Une vague d'attaques avait déjà visé en août les FRCI, à Abidjan, dans ses environs et dans l'ouest du pays, marquant le plus grave regain de tension en Côte d'Ivoire depuis la fin de la crise postélectorale de décembre 2010-avril 2011.

Elles avaient été attribuées par les autorités à des partisans de l'ancien président Laurent Gbagbo - des civils et des militaires, policiers ou gendarmes -, ce que dément le parti de l'ex-chef de l'État, le Front populaire ivoirien (FPI).

Ces violences ont été suivies de l'arrestation de plusieurs hauts responsables du camp Gbagbo, dont le secrétaire général du FPI, Laurent Akoun, condamné à six mois de prison ferme pour « trouble de l'ordre public ». Cinquante-quatre civils et 19 militaires ont aussi été arrêtés et sont inculpés, notamment pour « attentat contre la sûreté de l'État ».

Réconciliation en panne

De nombreux responsables politiques et militaires de l'ex-régime ivoirien ont trouvé refuge au Ghana, qui partage une frontière de près de 700 km avec la Côte d'Ivoire, ce qui a créé des tensions entre Accra et Abidjan. Le président ghanéen, John Dramani Mahama, a cependant assuré le 5 septembre qu'il ne laissera pas son pays servir de « base arrière » pour déstabiliser la Côte d'Ivoire.

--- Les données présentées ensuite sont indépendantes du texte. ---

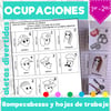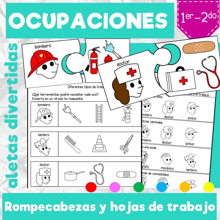 Hojas de trabajo súper lindas y llamativas para que los estudiantes identifiquen qué herramientas usa cada ocupación para realizar sus trabajos. Los estudiantes leerán diferentes escenarios y elegirán quién es el mejor para realizar el deber. Al realizar estas actividades, los estudiantes discernirán en la vida real qué ocupación realiza cada trabajo y también los harán pensar en qué rol/ocupación ocuparán en la sociedad cuando sean mayores. Incluye actividades de cortar y pegar donde los estudiantes combinarán cada profesión con sus herramientas. Puede usarse para cuadernos interactivos o como una página independiente. Los rompecabezas son increíbles para entretener mientras aprenden y recuerdan las herramientas necesarias para hacer el trabajo. Práctica de escritura incluida.
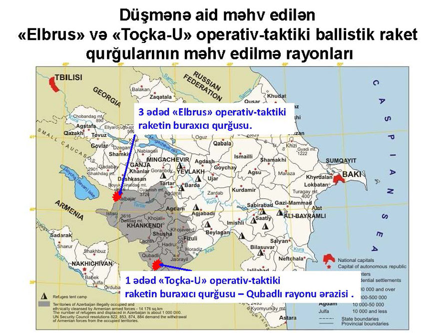 Beləliklə, ballistik raketlərə qarşı xüsusi əməliyyatların nəticəsində oktyabrın 12-də saat 14 radələrində işğal altındakı Qubadlı rayonu ərazisində bir ədəd “Toçka-U” raketi məhv edilib. Oktyabrın 14-də gecə saat 01 radələrində iki ədəd və səhər 08:30 radələrində bir ədəd olmaqla ümumilikdə üç ədəd “Elbrus” ballistik raket qurğusunun raketləri ilə birlikdə ordumuz tərəfindən aşkarlanaraq məhv edilib.
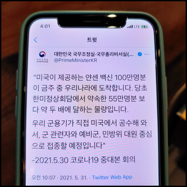 내일부터 미국이 제공한 얀센 코로나 백신 100만명분에 대한 접종 예약이 시작된다.
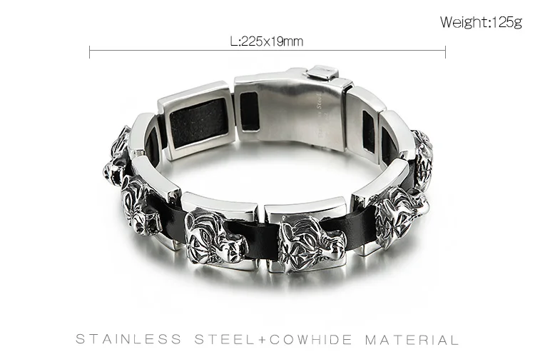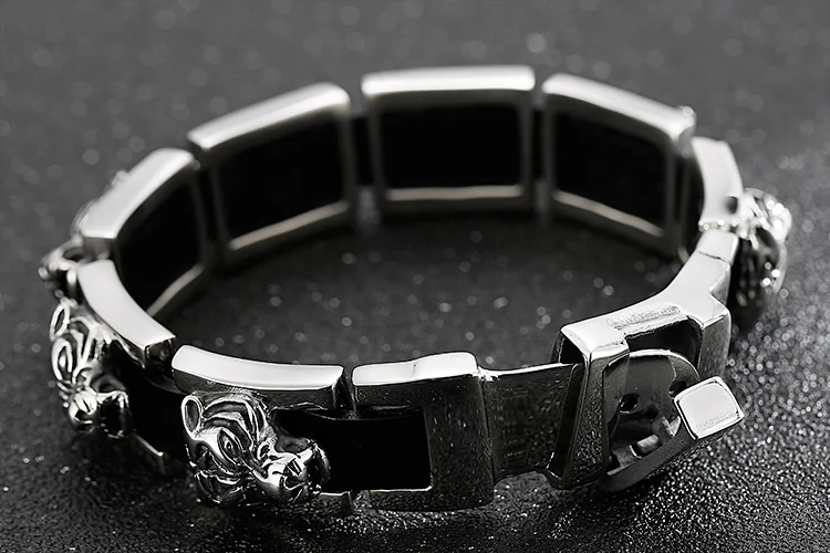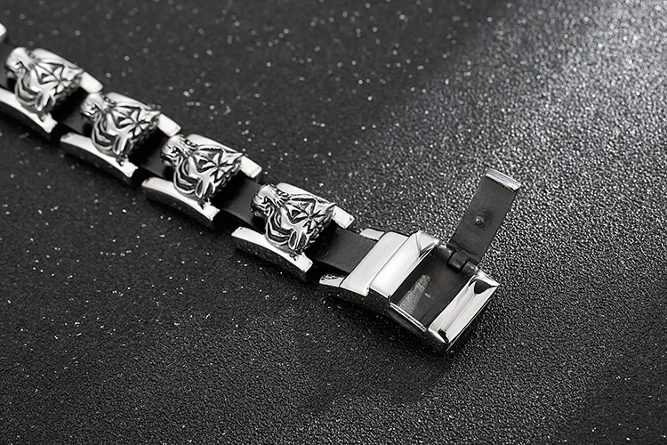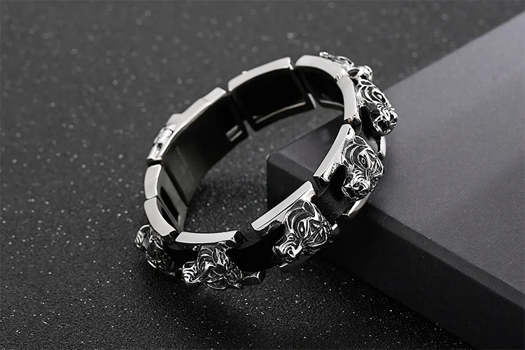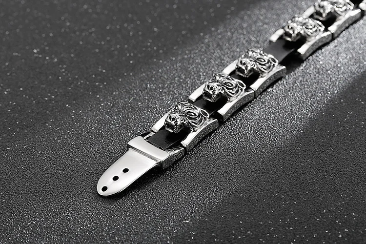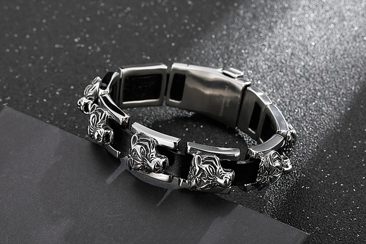 Pulseras de cuero para hombre con hebilla de cinturón, diseño gótico de cabeza de tigre, de acero inoxidable.

Le porte-parole en exil de Laurent Gbagbo, et adversaire virulent du nouveau pouvoir, Justin Koné Katinan, accusé de « crimes économiques » par Abidjan, a été arrêté le 24 août à Accra. La justice ghanéenne examine une demande d'extradition vers la Côte d'Ivoire.

Les attaques de jeudi soir ont également eu lieu au lendemain de la commémoration du dixième anniversaire du déclenchement de la rébellion contre l'ancien président Laurent Gbagbo. Le processus de réconciliation paraît en panne en Côte d'Ivoire. Le représentant spécial du secrétaire général des Nations unies, Bert Koenders, a appelé cette semaine à « relancer un véritable dialogue politique dans le pays ».

Le président de la Commission dialogue, vérité et réconciliation (CDVR), l'ancien Premier ministre Charles Konan Banny, avait aussi exhorté fin août le président Alassane Ouattara à prendre des « initiatives » pour relancer le dialogue.